What you should do = Without the pictures, give every record again exactly.

Exercise material =
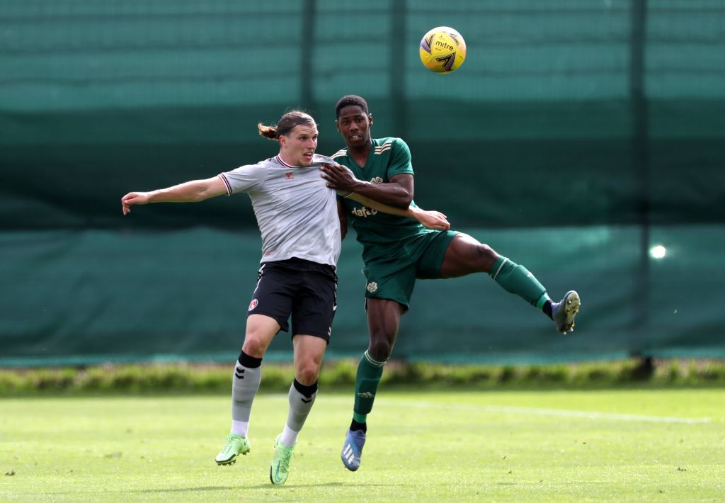 Celtic v Charlton Athletic – Pre-Season Friendly – Dragon Park Charlton Athletic s Josh Davison left and Celtic’s Osaze Urhoghide battle for the ball during the pre-season friendly match. Photo Bradley Collyer
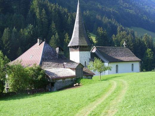 Et de l'autre côté de la route, une autre superbe église avec ses dépendances aux tuiles en bois!
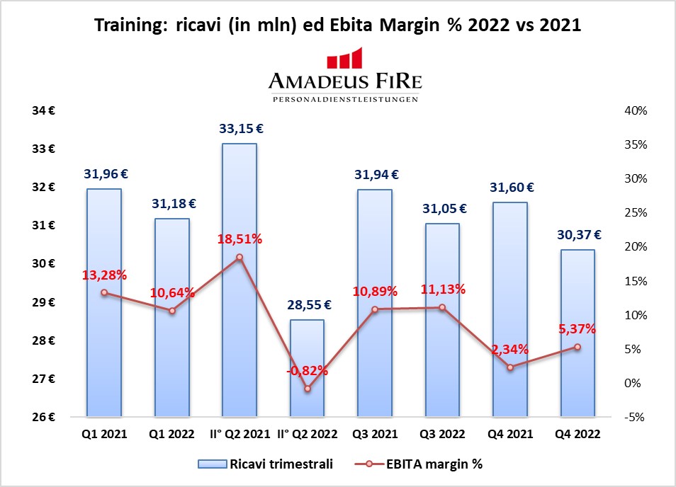 Come già evidenziato negli articoli precedenti, il maggior contributo a questo risultato deriva dal comparto “Personnel Service” che riporta una crescita del 17,36%. Il segmento “Training”, seppur in ripresa, registra una contrazione assoluta del 5,82%.
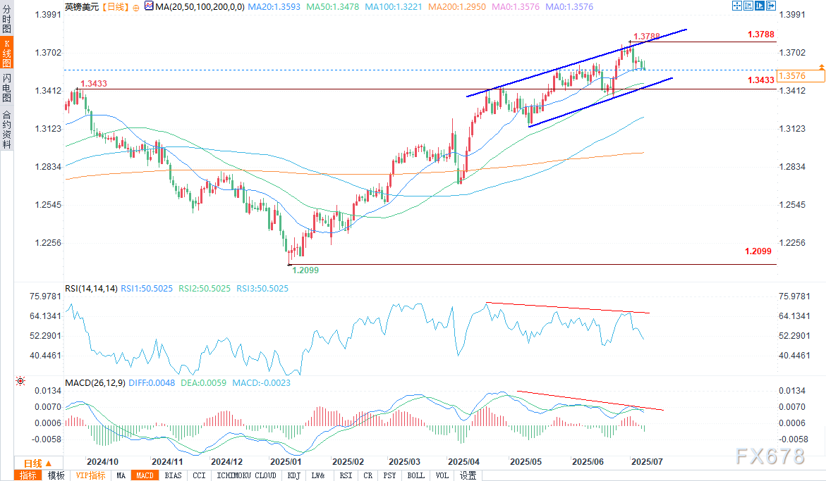周二(7月8日)欧盘时段,因特朗普延长关税期限后美元指数小幅上涨,英镑/美元汇率出现回落。该货币对从今年以来的高点1.3788跌至1.3575附近。
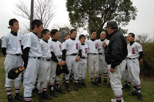 ▲試合前になるとさすがに顔がピシっと引き締まります! 右は遠藤忠監督。高校野球の審判もされています。高校野球をふだんから見ていることもあって、シニアの指導の中にも「高校につながる野球」がみえます。
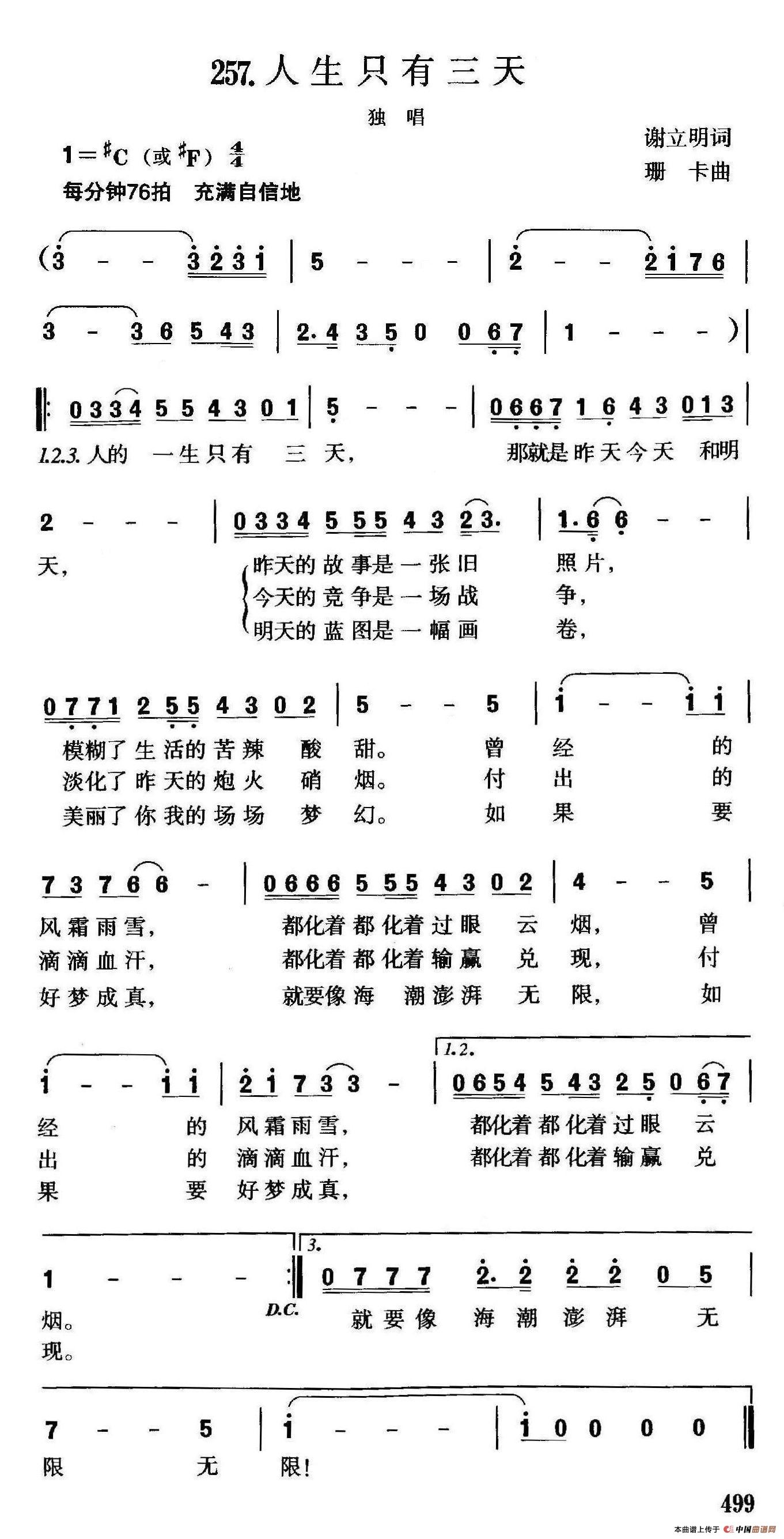 《人生只有三天》简谱

Solved exercise =
 Celtic v Charlton Athletic – Pre-Season Friendly – Dragon Park Charlton Athletic s Josh Davison left and Celtic’s Osaze Urhoghide battle for the ball during the pre-season friendly match. Photo Bradley Collyer
 Et de l'autre côté de la route, une autre superbe église avec ses dépendances aux tuiles en bois!
 Come già evidenziato negli articoli precedenti, il maggior contributo a questo risultato deriva dal comparto “Personnel Service” che riporta una crescita del 17,36%. Il segmento “Training”, seppur in ripresa, registra una contrazione assoluta del 5,82%.
周二(7月8日)欧盘时段,因特朗普延长关税期限后美元指数小幅上涨,英镑/美元汇率出现回落。该货币对从今年以来的高点1.3788跌至1.3575附近。
 ▲試合前になるとさすがに顔がピシっと引き締まります! 右は遠藤忠監督。高校野球の審判もされています。高校野球をふだんから見ていることもあって、シニアの指導の中にも「高校につながる野球」がみえます。
 《人生只有三天》简谱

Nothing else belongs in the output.